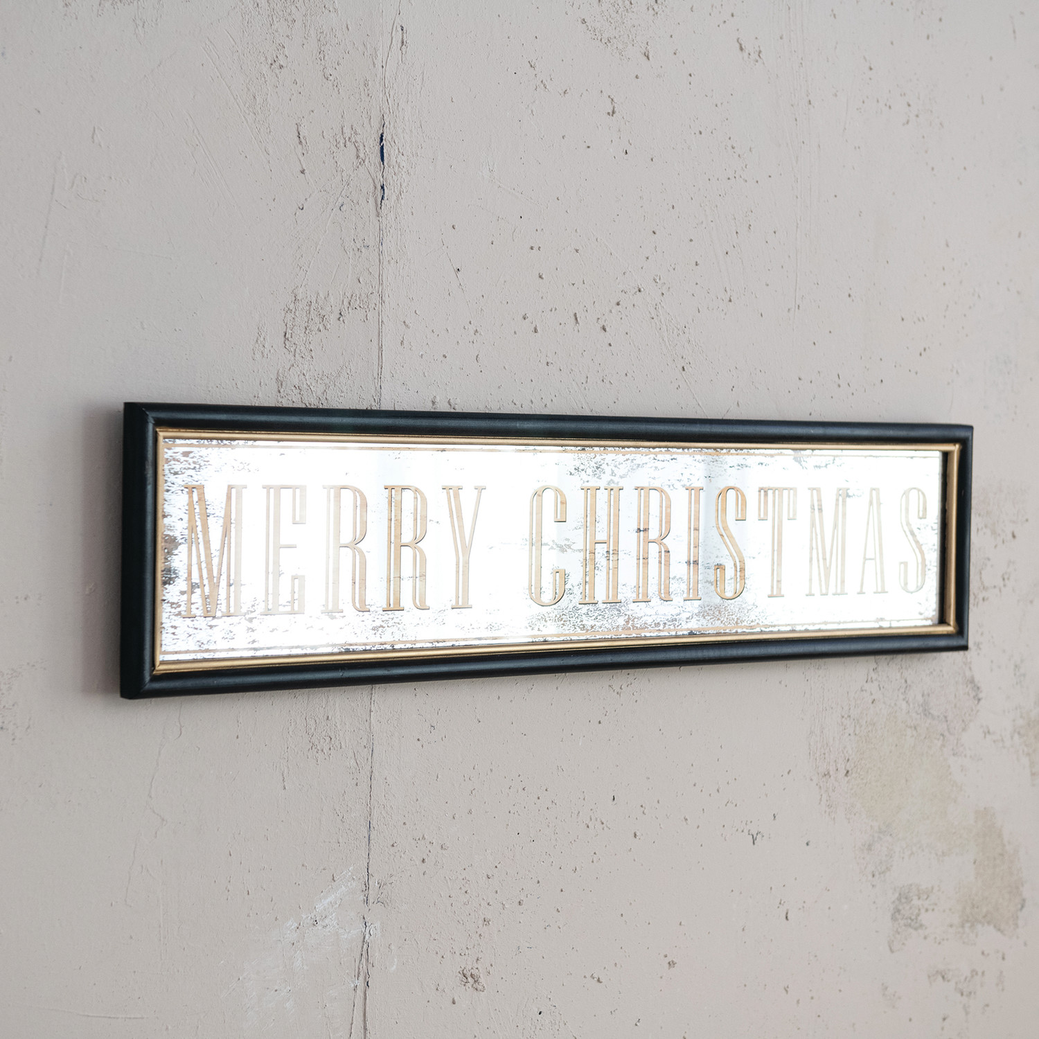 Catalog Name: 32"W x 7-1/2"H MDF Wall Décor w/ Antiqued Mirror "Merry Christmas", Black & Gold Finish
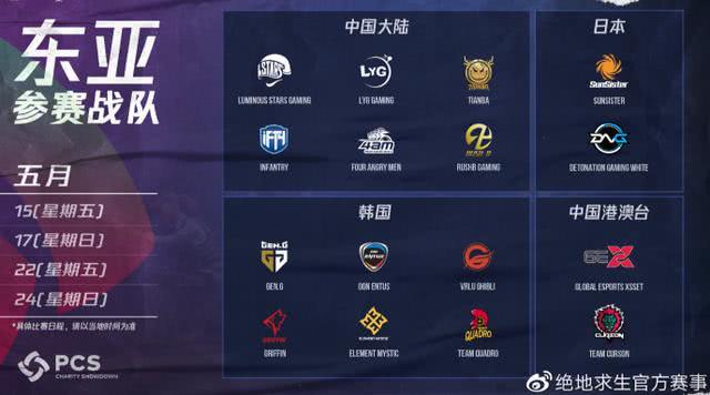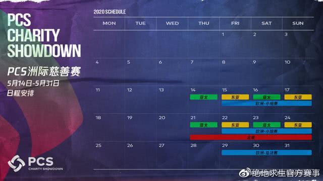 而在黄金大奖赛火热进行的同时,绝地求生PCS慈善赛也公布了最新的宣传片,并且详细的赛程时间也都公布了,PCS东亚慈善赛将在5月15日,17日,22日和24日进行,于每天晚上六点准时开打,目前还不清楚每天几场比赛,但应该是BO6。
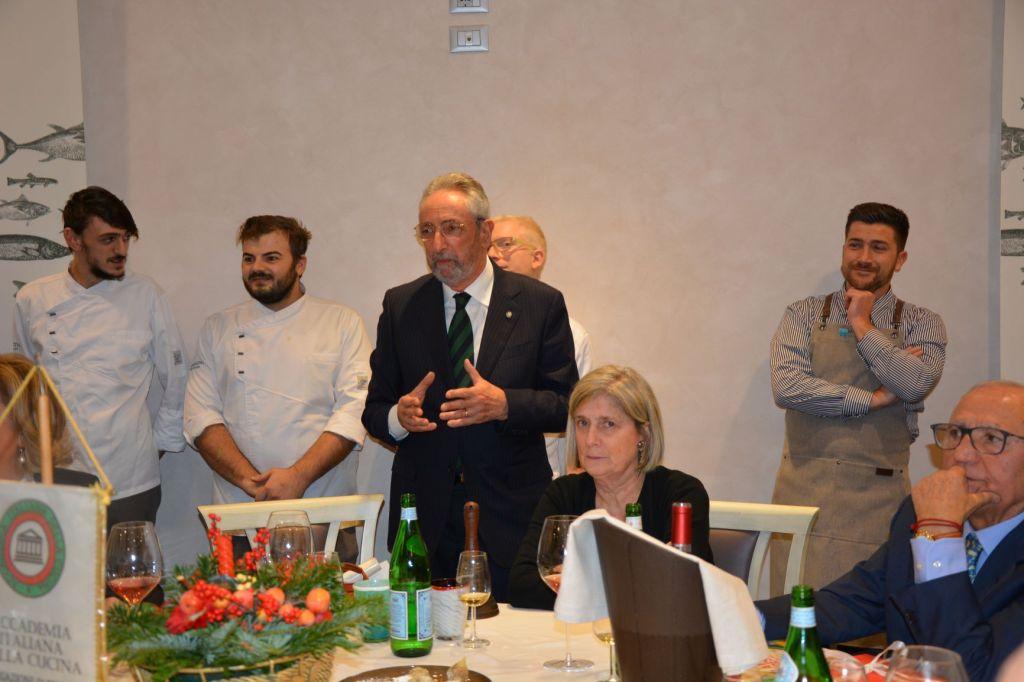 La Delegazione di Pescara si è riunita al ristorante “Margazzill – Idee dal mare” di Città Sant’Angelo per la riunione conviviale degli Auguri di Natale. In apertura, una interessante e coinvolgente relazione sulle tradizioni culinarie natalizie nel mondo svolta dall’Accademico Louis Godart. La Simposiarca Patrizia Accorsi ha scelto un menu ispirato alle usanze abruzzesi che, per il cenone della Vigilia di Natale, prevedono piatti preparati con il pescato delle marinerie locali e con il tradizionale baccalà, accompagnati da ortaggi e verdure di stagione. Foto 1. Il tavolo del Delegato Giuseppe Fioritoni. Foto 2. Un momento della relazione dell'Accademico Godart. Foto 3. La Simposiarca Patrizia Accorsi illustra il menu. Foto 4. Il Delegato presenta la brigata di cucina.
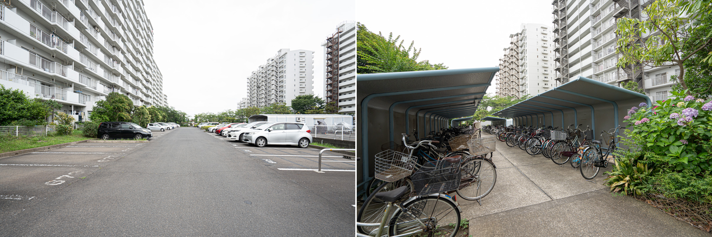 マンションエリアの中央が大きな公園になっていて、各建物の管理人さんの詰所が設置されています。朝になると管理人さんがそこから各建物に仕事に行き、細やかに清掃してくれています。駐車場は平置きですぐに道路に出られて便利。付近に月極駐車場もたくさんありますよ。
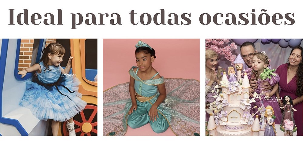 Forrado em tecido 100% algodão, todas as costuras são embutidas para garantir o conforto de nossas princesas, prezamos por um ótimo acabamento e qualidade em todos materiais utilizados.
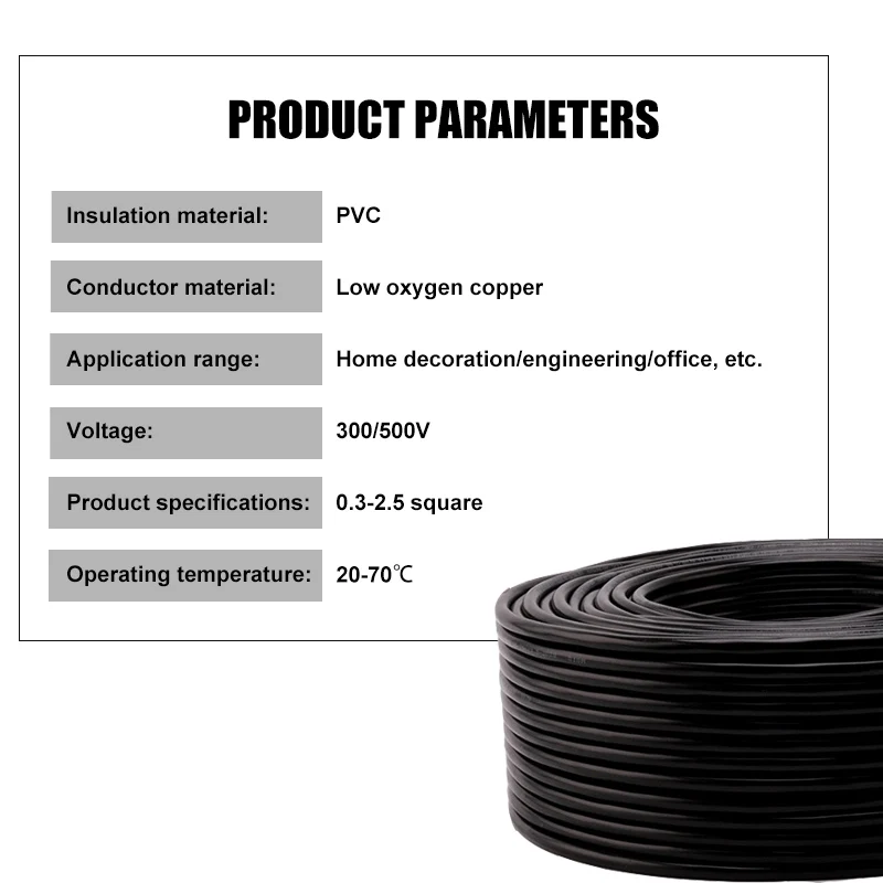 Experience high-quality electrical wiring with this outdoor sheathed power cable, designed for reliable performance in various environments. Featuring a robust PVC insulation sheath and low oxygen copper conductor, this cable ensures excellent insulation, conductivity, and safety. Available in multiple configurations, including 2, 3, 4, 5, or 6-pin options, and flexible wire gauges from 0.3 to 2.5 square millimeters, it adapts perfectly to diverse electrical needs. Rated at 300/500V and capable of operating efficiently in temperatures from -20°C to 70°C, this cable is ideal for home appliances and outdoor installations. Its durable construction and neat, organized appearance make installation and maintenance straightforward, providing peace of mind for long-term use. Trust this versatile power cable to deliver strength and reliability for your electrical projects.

-*-*-

With the pictures omitted, restate word for word the lines above from the line that has "而在黄金大奖赛火热进行的同时" up to and including the line that has "Forrado em tecido", and no other lines.

**YOUR RESPONSE:**
 而在黄金大奖赛火热进行的同时,绝地求生PCS慈善赛也公布了最新的宣传片,并且详细的赛程时间也都公布了,PCS东亚慈善赛将在5月15日,17日,22日和24日进行,于每天晚上六点准时开打,目前还不清楚每天几场比赛,但应该是BO6。
 La Delegazione di Pescara si è riunita al ristorante “Margazzill – Idee dal mare” di Città Sant’Angelo per la riunione conviviale degli Auguri di Natale. In apertura, una interessante e coinvolgente relazione sulle tradizioni culinarie natalizie nel mondo svolta dall’Accademico Louis Godart. La Simposiarca Patrizia Accorsi ha scelto un menu ispirato alle usanze abruzzesi che, per il cenone della Vigilia di Natale, prevedono piatti preparati con il pescato delle marinerie locali e con il tradizionale baccalà, accompagnati da ortaggi e verdure di stagione. Foto 1. Il tavolo del Delegato Giuseppe Fioritoni. Foto 2. Un momento della relazione dell'Accademico Godart. Foto 3. La Simposiarca Patrizia Accorsi illustra il menu. Foto 4. Il Delegato presenta la brigata di cucina.
 マンションエリアの中央が大きな公園になっていて、各建物の管理人さんの詰所が設置されています。朝になると管理人さんがそこから各建物に仕事に行き、細やかに清掃してくれています。駐車場は平置きですぐに道路に出られて便利。付近に月極駐車場もたくさんありますよ。
 Forrado em tecido 100% algodão, todas as costuras são embutidas para garantir o conforto de nossas princesas, prezamos por um ótimo acabamento e qualidade em todos materiais utilizados.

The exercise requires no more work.